= PROBLEM REQUIREMENTS =
Write out the data below exactly as given, without any of its pictures.

Stored data
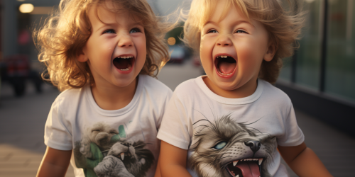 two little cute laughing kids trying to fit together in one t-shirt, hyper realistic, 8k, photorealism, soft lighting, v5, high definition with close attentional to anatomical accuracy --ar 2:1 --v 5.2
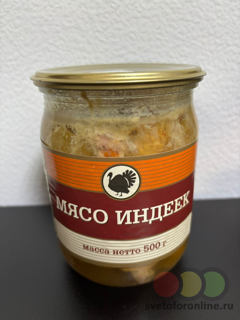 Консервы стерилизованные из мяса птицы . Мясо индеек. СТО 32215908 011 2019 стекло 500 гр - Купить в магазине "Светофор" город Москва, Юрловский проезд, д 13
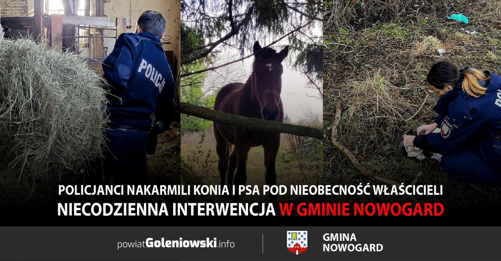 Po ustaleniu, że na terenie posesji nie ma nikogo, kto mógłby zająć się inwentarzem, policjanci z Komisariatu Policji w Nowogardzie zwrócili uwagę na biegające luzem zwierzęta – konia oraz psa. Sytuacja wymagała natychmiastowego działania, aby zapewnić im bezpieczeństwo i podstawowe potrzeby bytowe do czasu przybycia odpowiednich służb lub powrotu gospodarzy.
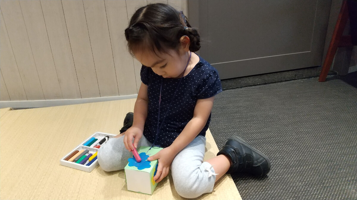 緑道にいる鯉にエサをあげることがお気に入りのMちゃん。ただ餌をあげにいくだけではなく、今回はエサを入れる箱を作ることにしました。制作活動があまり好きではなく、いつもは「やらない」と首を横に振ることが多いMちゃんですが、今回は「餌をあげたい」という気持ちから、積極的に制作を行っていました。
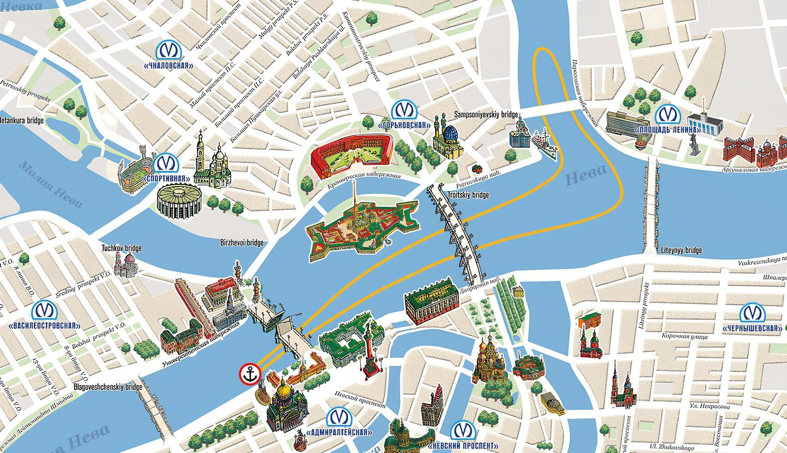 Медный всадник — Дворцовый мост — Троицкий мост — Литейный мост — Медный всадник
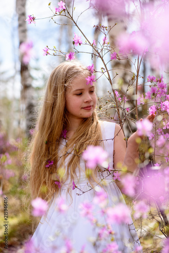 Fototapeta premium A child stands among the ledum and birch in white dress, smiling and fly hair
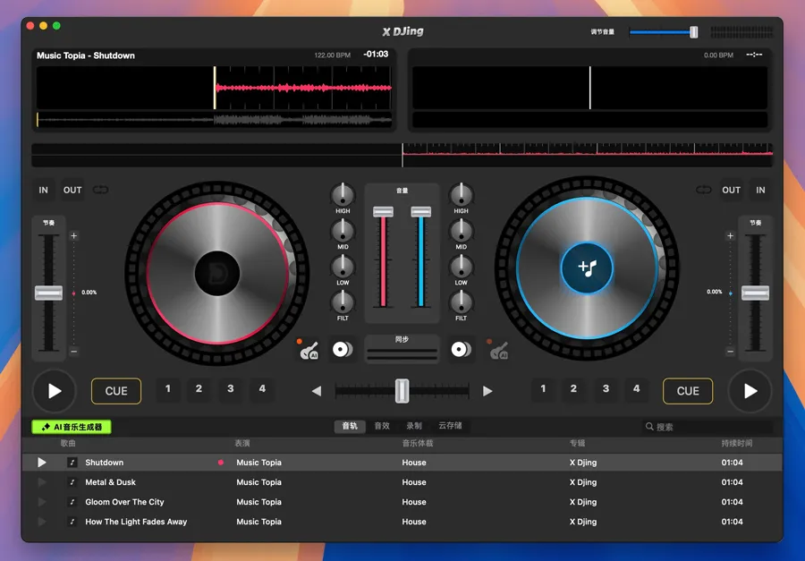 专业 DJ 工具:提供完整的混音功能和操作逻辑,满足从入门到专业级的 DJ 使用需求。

= RESULT OF THIS TASK =
 two little cute laughing kids trying to fit together in one t-shirt, hyper realistic, 8k, photorealism, soft lighting, v5, high definition with close attentional to anatomical accuracy --ar 2:1 --v 5.2
 Консервы стерилизованные из мяса птицы . Мясо индеек. СТО 32215908 011 2019 стекло 500 гр - Купить в магазине "Светофор" город Москва, Юрловский проезд, д 13
 Po ustaleniu, że na terenie posesji nie ma nikogo, kto mógłby zająć się inwentarzem, policjanci z Komisariatu Policji w Nowogardzie zwrócili uwagę na biegające luzem zwierzęta – konia oraz psa. Sytuacja wymagała natychmiastowego działania, aby zapewnić im bezpieczeństwo i podstawowe potrzeby bytowe do czasu przybycia odpowiednich służb lub powrotu gospodarzy.
 緑道にいる鯉にエサをあげることがお気に入りのMちゃん。ただ餌をあげにいくだけではなく、今回はエサを入れる箱を作ることにしました。制作活動があまり好きではなく、いつもは「やらない」と首を横に振ることが多いMちゃんですが、今回は「餌をあげたい」という気持ちから、積極的に制作を行っていました。
 Медный всадник — Дворцовый мост — Троицкий мост — Литейный мост — Медный всадник
 Fototapeta premium A child stands among the ledum and birch in white dress, smiling and fly hair
 专业 DJ 工具:提供完整的混音功能和操作逻辑,满足从入门到专业级的 DJ 使用需求。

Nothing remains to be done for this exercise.